**What is needed**. What should be copied is the stretch of entries below from the line with "だから、妹が作るてるてる坊主" up to and including the line with "Polres Seruyan Jajaran", exactly and without images.

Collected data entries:
Content starts
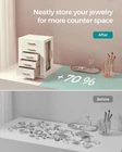 Jewelry Box 360° RotatingJewelry Storage Case with 5 Drawers Jewelry Organizer Glass Window Spacious Vertical Jewelry Storage Open Design Christmas Gift Cloud White UJBC170W01 Description: Creative and Practical United] This jewelry box features vertical storage, an open design, and a 360° rotating function, allowing you to effortlessly display and quickly find your desired jewelry [Spacious Meets Versatile] This 6.3 x 8.7 x 11.2 inches jewelry box is designed with ring slots, necklace hooks, stud earring holes, 5 drawers for brooches and hair accessories, and 18 necklace hooks. It provides convenient storage for all jewelry [Stylish and Protective] This cloud white jewelry storage box features sparkling metal handles, a soft velvet lining, and durable MDF construction, ensuring optimal protection for your expanding jewelry collection [18 Hooks for Long Necklaces] With 9 hooks on both sides, this jewelry box accommodates a variety of necklaces, especially longer ones, keeping them tangle-free and elegantly showcased [Perfect Gift Idea] Present your loved ones with the gift of this exceptional 360° rotating jewelry box on their birthday or anniversary. Or indulge yourself in this exquisite jewelry case because you truly deserve it!
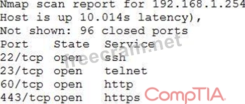 Question 172: An Nmap scan of a network switch reveals the following: (Exh...
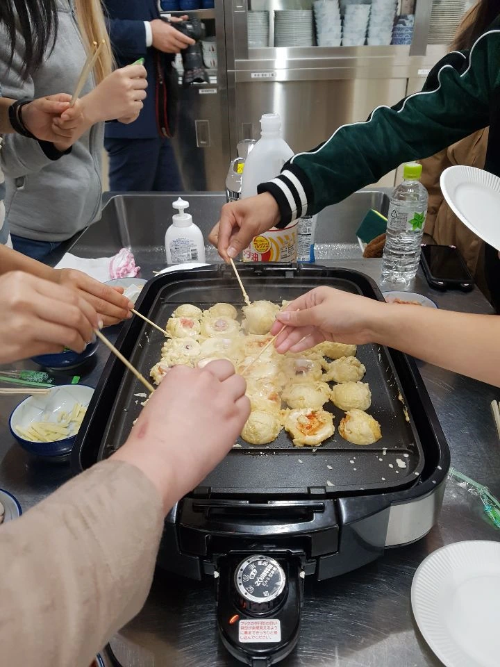유학생들과 몇 버디들과 함께 열심히 타코야끼를 만들어 먹었다.
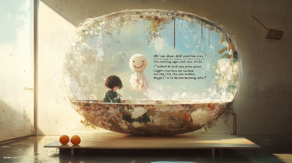 だから、妹が作るてるてる坊主はいつも笑顔で、雨で顔がぐしゃぐしゃに濡れるたびに、「あ!また泣いちゃってるから、私が笑顔にしてあげよう!」とニコニコしながら新しいてるてる坊主を作るのです。
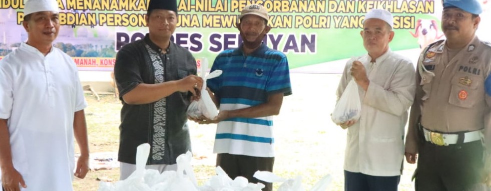 Polres Seruyan Jajaran Polda Kalteng membagikan daging hewan kurban kepada warga masyarakat yang berhak, Minggu (10/7/2022).
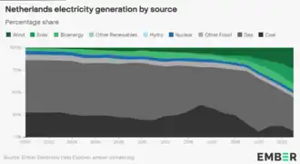 In de periode 2010-2015 steeg het duurzame aandeel in het elektriciteitsgebruik van 12% naar 15% door sterke toename van windstroom die in 2015 7% leverde; zonnepanelen produceerden toen 1%.[1] De CO2-emissie daalde van 170 naar 156 megaton per jaar (9,2 ton per persoon), maar nog niet tot het niveau van 1990 (148 Mt). In 2015 was het doel dat in 2020 14% van alle gebruikte energie in Nederland uit duurzame bronnen zou komen, en in 2023 16%. In 2018 was het 7%, het laagste percentage in de Europese Unie en nog duidelijk onder België en Luxemburg.[2]
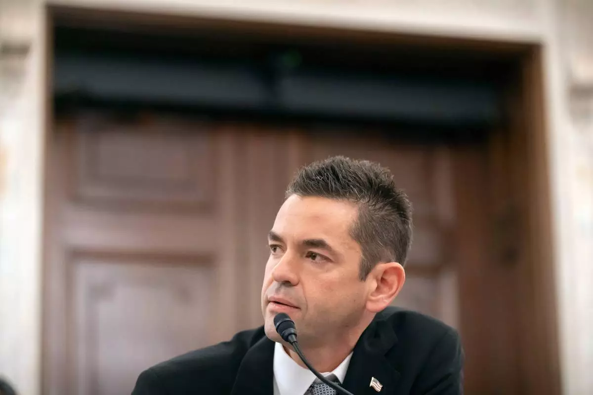 Jared Isaacman, President Donald Trump's pick to be NASA Administrator, stands before a hearing of the Senate Commerce, Science, and Transportation Committee on Capitol Hill, Wednesday, Dec. 3, 2025, in Washington. (AP Photo/Mark Schiefelbein)
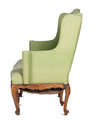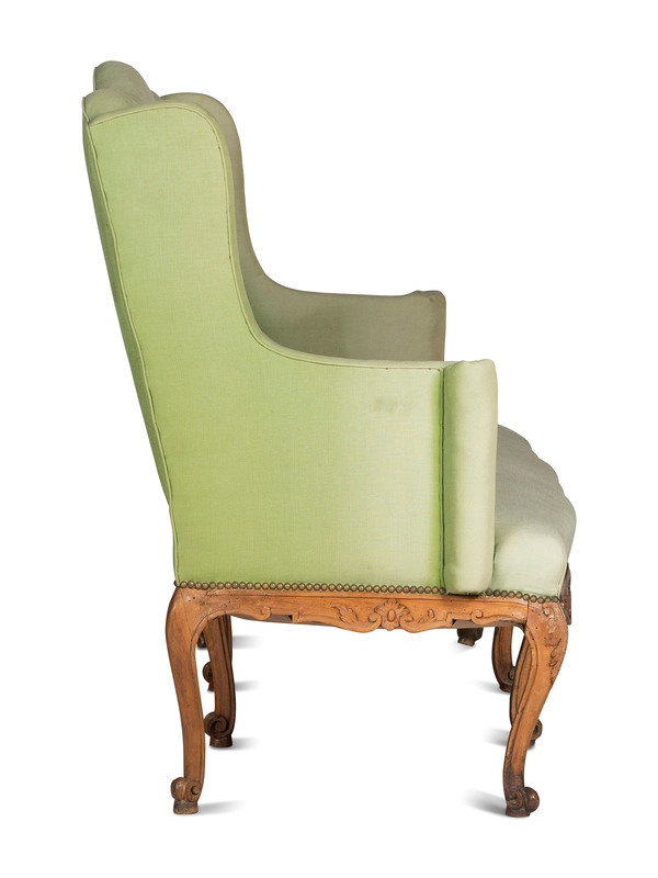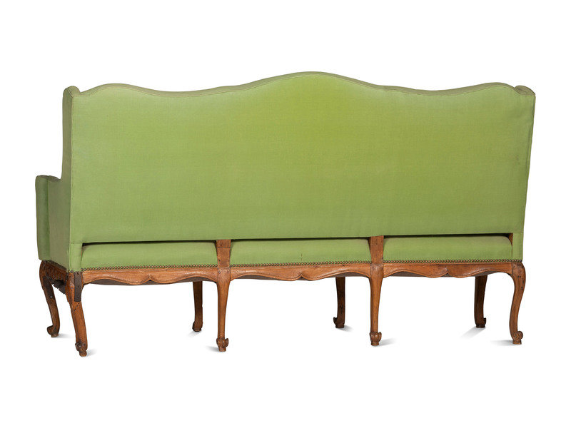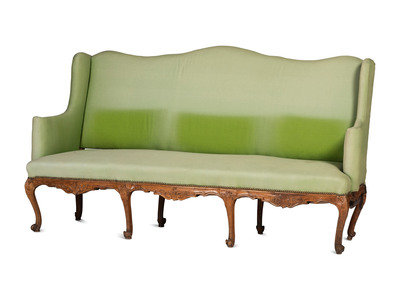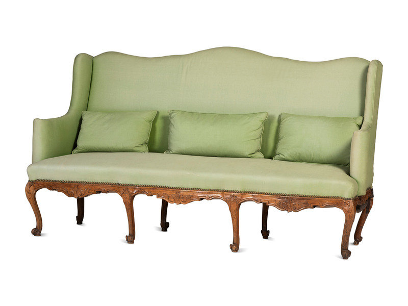 A French Provincial Carved Fruitwood Upholstered High-Back Sofa
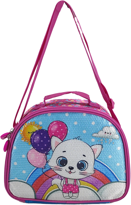 Aranyos táska kislányoknak cicával és színes lufikkal, mely kiemelkedik vidám dizájnjával, praktikus belső terével és tartós anyagaival. Ideális mindennapi viselésre és játékra, támogatja a gyerekek kreativitását és önállóságát.
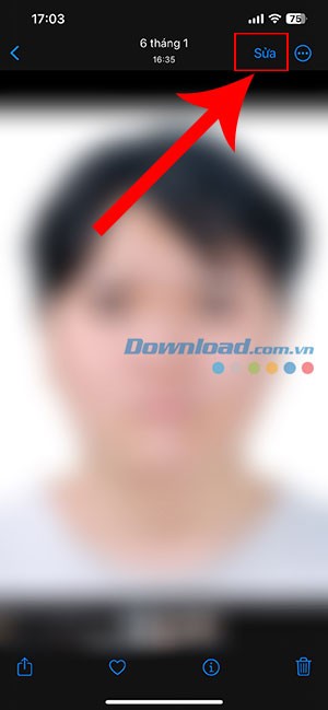 Đầu tiên, mở ảnh chân dung 4x6 sẽ dùng làm ảnh hộ chiếu và nhấn nút Sửa ở góc trên cùng bên phải.
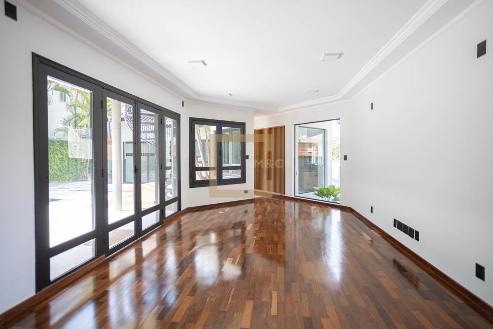 Sala de estar e jantar com piso em madeira e janelões com iluminação direta natural .
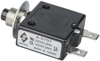 SF2252 is a rugged circuit breaker designed for both AC and DC circuits with current ratings ranging from 3A to 25A. The breaker has excellent current holding ability at 25;C and can withstand higher temperatures with derating. It features a manual push-to-reset mechanism, high insulation resistance, and a 12mm mounting hole diameter.
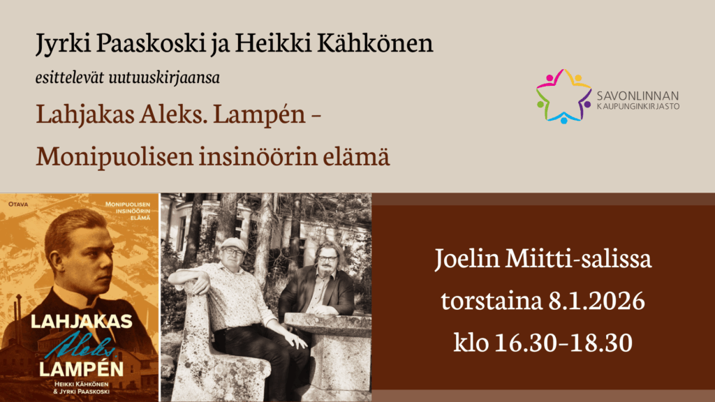 perjantaina 28. marraskuuta 2025Tervetuloa Savonlinnan pääkirjasto Joeliin torstaina 8.1. klo 16.30–18.30 kuuntelemaan unohdetun talousvaikuttajan tarinaa. Joelin Miitti-salissa tietokirjailijat Jyrki Paaskoski ja Heikki Kähkönen esittelevät tuoretta kirjaansa Lahjakas Aleks. Lampén – Monipuolisen insinöörin elämä (Otava, 2025).
Content ends
**Final answer**.
 だから、妹が作るてるてる坊主はいつも笑顔で、雨で顔がぐしゃぐしゃに濡れるたびに、「あ!また泣いちゃってるから、私が笑顔にしてあげよう!」とニコニコしながら新しいてるてる坊主を作るのです。
 Polres Seruyan Jajaran Polda Kalteng membagikan daging hewan kurban kepada warga masyarakat yang berhak, Minggu (10/7/2022).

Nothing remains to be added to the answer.